Add location of the origin and destination to flights
flights %>%
left_join(airports, by = c(dest = "faa")) %>%
left_join(airports, by = c(origin = "faa")) %>%
head()
Is there a relationship between the age of the plane and its delays?
plane_ages <-
planes %>%
mutate(age = 2013 - year) %>%
select(tailnum,age)
flights %>%
inner_join(plane_ages, by ="tailnum") %>%
group_by(age) %>%
filter(!is.na(dep_delay)) %>%
summarise(delay = mean(dep_delay)) %>%
ggplot(aes(x =age, y =delay)) +
geom_point()+
geom_line()

What weather conditions make it more likely to see a delay?
flight_weather <-
flights %>%
inner_join(weather, by = c("origin" = "origin",
"year" = "year",
"month" = "month",
"day" = "day",
"hour" = "hour"))
flight_weather %>%
group_by(precip) %>%
summarise(delay = mean(dep_delay, na.rm = TRUE)) %>%
ggplot(aes(x = precip, y = delay)) +
geom_line() + geom_point()

What happened on June 13, 2013 display the spatial pattern of delays and then use Google to cross-reference with the weather.
flights %>%
filter(year == 2013, month == 6, day == 13) %>%
group_by(dest) %>%
summarise(delay = mean(arr_delay, na.rm = TRUE)) %>%
inner_join(airports, by = c("dest" = "faa")) %>%
ggplot(aes(y = lat, x = lon, size = delay, colour = delay)) +
borders("state") +
geom_point() +
coord_quickmap() +
Error:
Filtering Joins
Filtering Joins match observations in the same way as mutating joins, but affect the number of observations, not the variables.
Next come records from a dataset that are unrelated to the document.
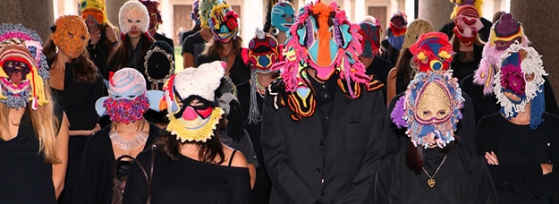 In these pictures, you’ll see the creations of designer Aldo Lanzini. In this interview on Vogue Italia, he says that they are “the condition of contemporary man, some kind of conscious schizophrenia.” The bright colors, strange shapes and very unusualness in these masks make me feel uncomfortable and uneasy. It’s almost like something you’d see at a masquerade ball. I just want to rip them off these heads to see the faces.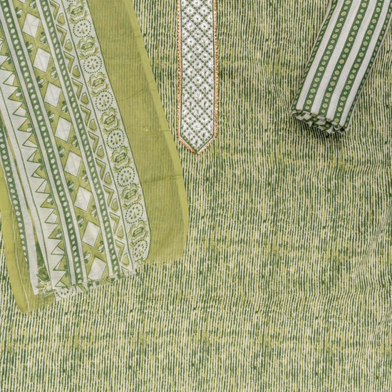 Panna Pista Sequence, Threadwork & Digital Printed Cotton Unstitched Salwar Suit With Cotton Dupatta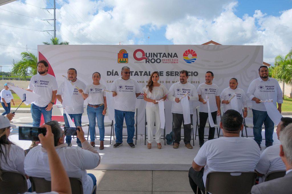 Cancún, 4 de mayo del 2025.- Como parte de las acciones para la reconstrucción del tejido social, el fortalecimiento de la convivencia comunitaria y la promoción activa de la paz desde los territorios, la gobernadora Mara Lezama Espinosa encabezó el Primer Día Estatal de Servicio.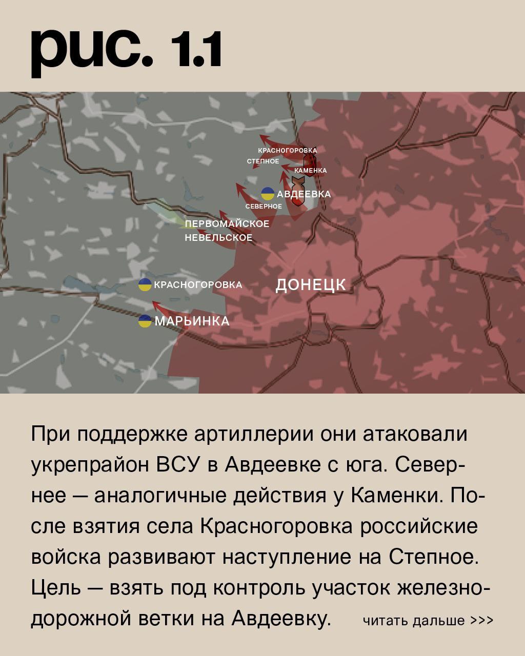 На донецком фронте российские войска ведут штурмовые действия на северных окраинах Марьинки. У Невельского шли встречные бои. Вооружённые Силы РФ вновь попытались продвинуться к Первомайскому и Северному. Без успеха. При поддержке артиллерии они атаковали укрепрайон ВСУ в Авдеевке с юга. Севернее – аналогичные действия у Каменки. После взятия села Красногоровка российские войска развивают наступление на Степное. Цель – взять под контроль участок железнодорожной ветки на Авдеевку. Вооружённые Силы РФ вели обстрелы Победы, Георгиевки, Тоненького, Ласточкина и Новокалинового. Украинская армия нанесла удар по Александровке. (Рис. 1)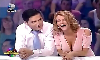 Gorgeous MILF with big tits blows a gigantic bubblegum elastic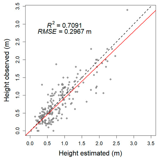 The observed heights were plotted against the estimated values for the 204 field sampling points (Figure 4). The fitted linear model explains about 71% of the observed variability, with a root mean square error value of less than 0.3 m, representing around 36% of the measured height average. This model shows a slight tendency to overestimate height values above 0.75 m, although the value of the mean error (−0.039 m) seems to indicate a low level of bias.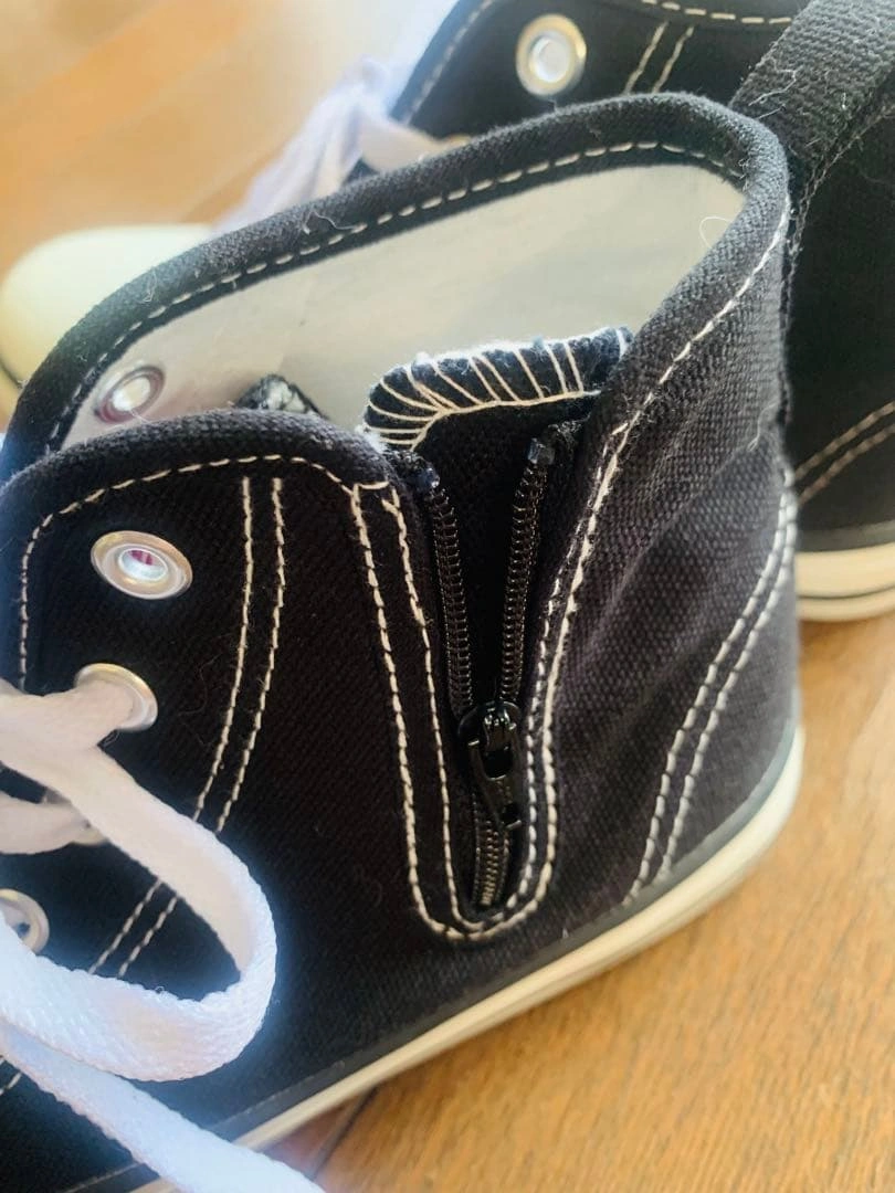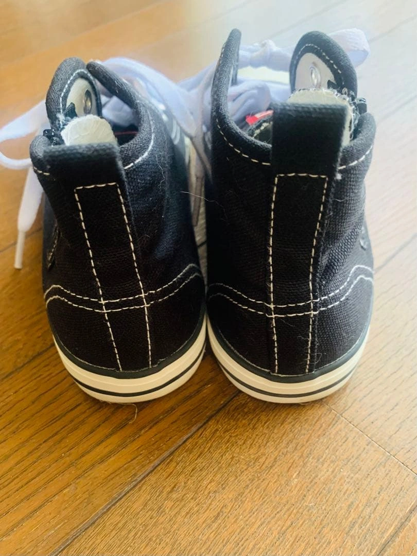 レディース、女児、ハイカット編み上げスニーカーです。脇ファスナー仕様で着脱しやすいかと思います。未使用品。 22cm カラー···ブラック 自宅保管品です。ご希望の方はお気軽にご連絡ください。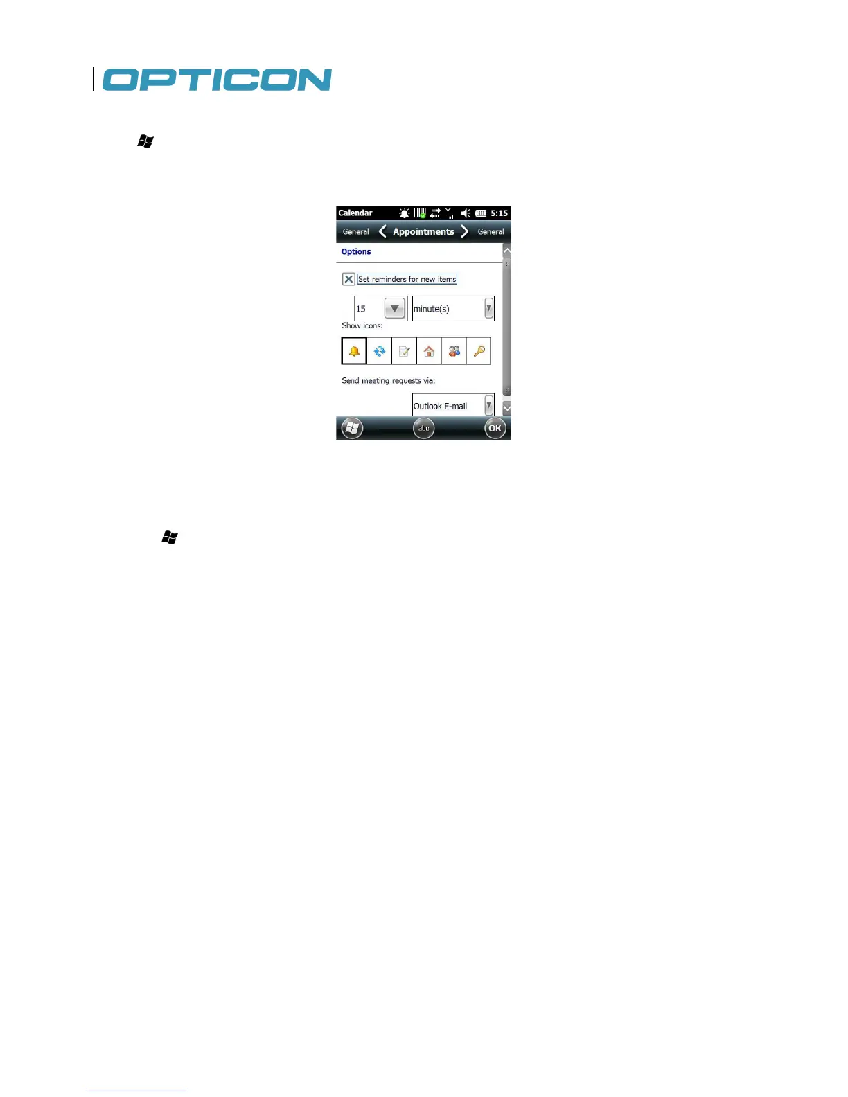 Tap Menu > Tools > Options > Appointment.

There are two types:
semi_join(x,y) keeps all observations in x that have a match in y. anti_join(x,y) drops all observation in x that have a match in y.
Why semi_joins are important: imagine you’ve found the top 10 most popular destinations:
top_dest <- flights %>%
count(dest, sort = TRUE) %>%
head(10)
top_dest
Now you want to find each flight that went to one of those destinations. You could contrsuct a filter yourself:
flights %>%
filter(dest %in% top_dest$dest)
It is difficult to extend that approach to multiple variables. How would you construct the filter statement that used year, month, and day to match it back to flights??
flights %>%
semi_join(top_dest)
Joining, by = "dest"
Anti join
Anti joins are useful for diagnosing join mismatches. For example, when connecting flights and planes, you might be interested to know that there are many flights that don’t have a match in planes:
flights %>%
anti_join(planes, by = "tailnum") %>%
count(tailnum, sort=TRUE)
Exercises:
What does it mean for a flight to have a missing tailnum? What do the tail numbers that don’t have a matching record in plances have in common? (Hint: one variable explains ~90% of the problems)
flights %>%
anti_join(planes, by = "tailnum") %>%
count(carrier, sort = TRUE)
So we find that Envoy Airlines (MQ) and American Airlines(AA) don’t report tail numbers.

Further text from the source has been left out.